MySQL Bugs: #56153: DELETE + JOIN is extremely slow if one table has >2 GB of binary data

Bug #56153	DELETE + JOIN is extremely slow if one table has >2 GB of binary data
Submitted:	20 Aug 2010 17:34	Modified:	23 Oct 2010 9:56
Reporter:	Craig Holmquist	Email Updates:
Status:	No Feedback	Impact on me:	None
Category:	MySQL Server	Severity:	S5 (Performance)
Version:	5.0.87	OS:	Windows (XP SP3 32-bit)
Assigned to:		CPU Architecture:	Any

Description:
The attached script creates two tables, one with a single primary key INT, the other with a primary key INT and a LONGBLOB.  After inserting data into both tables, it runs the following operations:

- A SELECT that joins the two tables
- A DELETE on the second table only
- A DELETE that joins the two tables

The SELECT and the first delete are fast; the second DELETE is extremely slow.  I'm seeing the first two statements execute nearly instantaneously, while the third takes 50s or longer.  The SQL is such that none of these statements actually match any rows.

It seems like performance degrades severely once the table crosses 2 GB of data:

1.5 GB - 0.8 s
Just under 2 GB - 1.0 s
Just over 2 GB - 94 s

In contrast, the initial insertion seems to scale linearly with the amount of data.

The file system used in this test was NTFS.  The CPU was a Core 2 Duo E6850.  The tables are MyISAM tables.

How to repeat:
Use the attached python script.

Suggested fix:
Ideally, a DELETE statement that doesn't match any rows should have similar performance characteristics to an equivalent SELECT, regardless of the table size.

Test script

Attachment: slowdelete.py (text/plain), 1.54 KiB.

Please, send your my.ini file content and EXPLAIN results for the SELECT query in your environment.

INI file

Attachment: my.ini (application/octet-stream, text), 206 bytes.

EXPLAIN results for SELECT in script

Attachment: select-explain.csv (application/vnd.ms-excel, text), 270 bytes.

It seems like the value in the script I uploaded (450000) may not trigger the bug consistently.  I tested again this morning (on the same system with the same conditions) but I had to move that value up to 750000 to trigger the bug.

The following explain results for SELECT looks nice: 

id	select_type	table	type	possible_keys	key	key_len	ref	rows	Extra
1	SIMPLE	t2	index		PRIMARY	4		5000	Using index
1	SIMPLE	t1	eq_ref	PRIMARY	PRIMARY	4	testslowdelete.t2.mainid	1	Using where; Using index; Not exists

Yes, entire primary key for table t2 is scanned, but "Using index" means that table's data (and this is MyISAM table) are NOT read from disk. With DELETE situation is, likely, different, and entire data are read (from disk). To check this assumption, please, send the results of EXPLAIN for the same SELECT, but with SELECT t2.* instead of just one indexed column.

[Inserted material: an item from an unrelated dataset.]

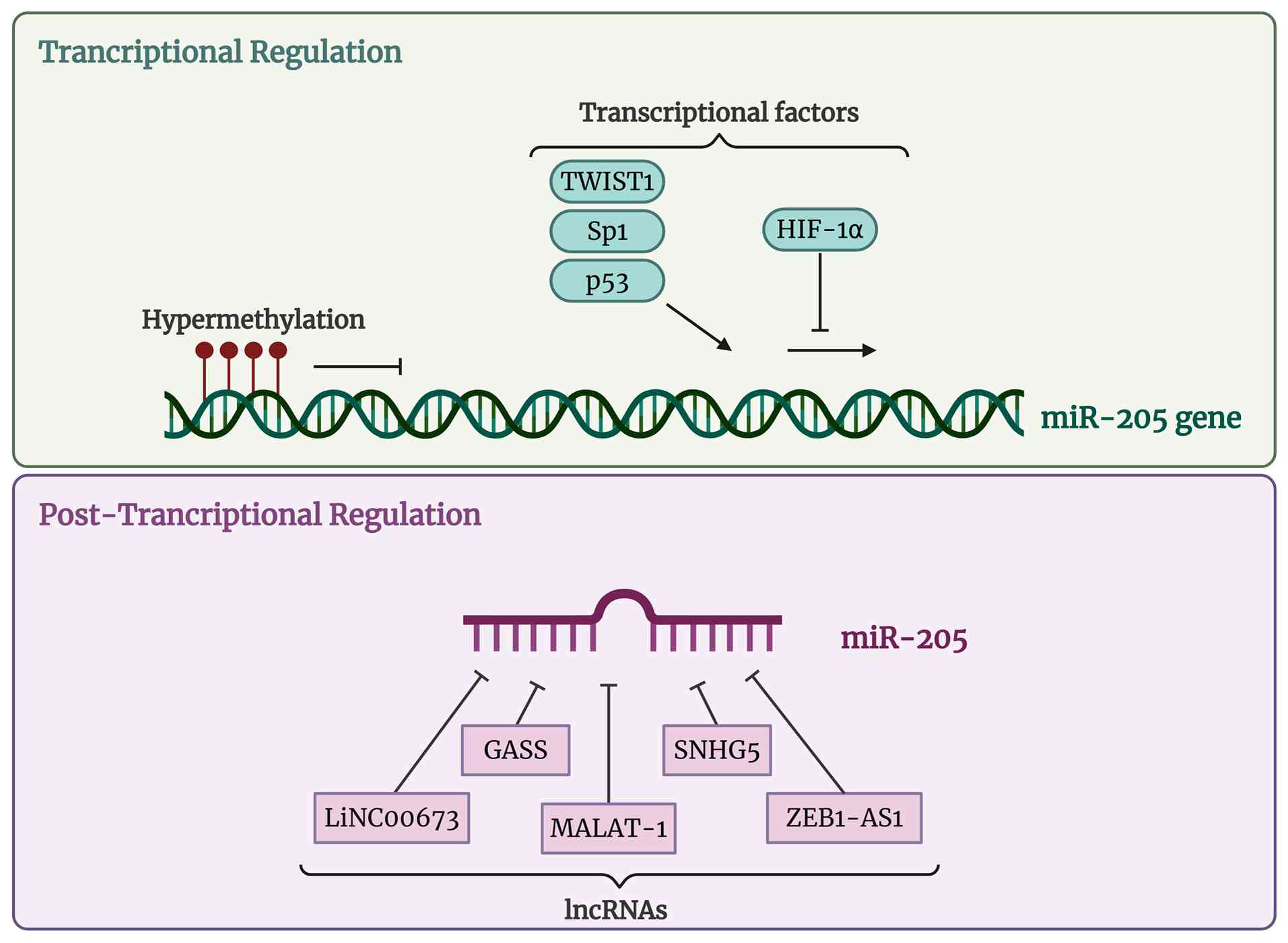 Precise regulation of miR-205 expression is essential for development, onset and progression of different alterations. Epigenetic modifications, such as CpG DNA methylation, are mechanisms for gene expression regulation which may be key miR-205 modulators. Specifically, mature miR-205 expression is inversely associated to DNA methylation. miR-205 under expression is related to high hypermethylation and chromatin changes leading to epithelial-mesenchymal transition (EMT) and cell migration (36,37). miR-205-5p transcription is commonly repressed via miR-205 locus hypermethylation and then, over-activates miR-205 targets. This fact has been associated with poor prognosis in cancer (38,39). Moreover, there are different transcription factors for miR-205, such as the p53 family, closely involved in cell cycle and apoptosis (40). P53 stimulates miR-205 expression levels promoting cell proliferation and EMT in cancer (41). Hypoxia inducible factor 1 α (HIF-1α) is a member of the p53 family. This is a transcriptional factor that represses miR-205 expression inducing EMT, angiogenesis and tumor aggressiveness (42,43). Sp1 is a transcriptional factor for miR-205 upregulation (44) in contrast to Twist1 (45). Beyond DNA methylation, histone modifications add a second layer of epigenetic control. Repressive marks such as H3K27me3 and H3K9me2 are associated with the silencing of MIR205HG, while activating marks such as H3K4me3 and histone acetylation (H3K9ac and H3K27ac) promotes an open and transcriptionally active chromatin state (37,38). These chromatin changes interact with transcription factors such as p53, Sp1 and HIF-1α integrating cellular stress and environmental signals into the regulation of miR-205 (40-44). Finally, long noncoding RNAs (lncRNAs) regulate miRNAs availability by sponging them. Increasing evidence has indicated that lncRNAs play important roles in human disorders, however, the functional implications have only been studied in a few of them. One of the most important lncRNAs related to miR-205 is MALAT1. It has been observed that under hyperglycemic conditions, MALAT1 act as a sponge for miR-205, thereby releasing its target ZEB1 from inhibition, which in turn represses E-cadherin expression and consequently induces EMT (46). In osteosarcoma, it has been observed that MALAT1 is upregulated and acts as a suppressor of miR-205, thereby releasing SMAD4 from miR-205-mediated inhibition and promoting cell proliferation through activation of TGF-β/SMAD4 signaling pathway (47). Similarly, MALAT1 sponges miR-205, inhibiting its function in cerebral ischemia and thereby leading to PTEN overexpression, which in turn modulates the PI3K/Akt signaling pathway and promotes apoptosis (48). There are other lncRNAs, such as LINC00673 (49), SNHG5 (50), GAS5 (51) and ZEB1-AS1 (52) capable of sequestering miR-205 and promoting the malignancy of tumor. Notably, it has been observed that lncRNA SNHG5 functions as a competing endogenous RNA (ceRNA) for miR-205-5p, suppressing its activity and increasing ABR expression, which in turn activates the RAF/MEK/ERK pathway and contributes to imatinib resistance in chronic myeloid leukemia (50). In line with these findings, lncRNA GAS5 has also been shown to suppress cervical cancer tumorigenesis by downregulating miR-196a and miR-205, thereby restoring the expression of their targets FOXO and PTEN, and consequently inhibiting the PI3K/Akt pathway, which leads to reduced cell proliferation and invasion (51). Finally, ZEB1-AS1 has been shown to regulate colorectal cancer progression through the miR-205/YAP1 axis, acting as a sponge for miR-205 and thereby increasing YAP1 expression, which promotes cell proliferation, migration and EMT via activation of Hippo signaling pathway (52). CircRNAs such as circ_0003520 have also been shown to act as sponges for miR-205-5p (53). Together, these findings highlight the pivotal role of lncRNAs as upstream regulators of miR-205, modulating their availability across diverse pathological contexts. By acting as molecular sponges, these lncRNAs fine-tune miR-205-mediated repression of key targets such as ZEB1, SMAD4, PTEN, ABR and YAP1, ultimately influencing major signaling pathways, including PI3K/Akt, TGF-β/SMAD, RAF/MEK/ERK, and Hippo, that govern cell proliferation, apoptosis, migration, and EMT (Fig. 1).

EXPLAIN results for SELECT with t2.*

Attachment: select-explain-t2all.csv (application/vnd.ms-excel, text), 249 bytes.

We see the following in EXPLAIN results:

id	select_type	table	type	possible_keys	key	key_len	ref	rows	Extra
1	SIMPLE	t2	ALL					5000	
1	SIMPLE	t1	eq_ref	PRIMARY	PRIMARY	4	testslowdelete.t2.mainid	1	Using where; Using index; Not exists

This is how DELETE is executed: all rows, entirely, are read from the t2 (big) table in this case.

We can make an optimizer feature request to read only PK/indexed column(s) from the table you delete rows from if you do not really use any other columns from it in cases like this. Do you agree?

Are you sure that's the problem?  If that were the case I would expect the performance to get progressively worse as the row size got larger, not to suddenly get much worse (1 s -> 90 s) once the row size reached a certain threshold.

However, I would say that this is definitely something that should be optimized; there's no reason to read in an entire 750K row if you're only looking at a few bytes.

Are there keys on the table?

Consider, when you delete a row you could do it restrict or cascade.

Also it needs to get checked if keys got violated and so on?

Could this be the problem?

No feedback was provided for this bug for over a month, so it is
being suspended automatically. If you are able to provide the
information that was originally requested, please do so and change
the status of the bug back to "Open".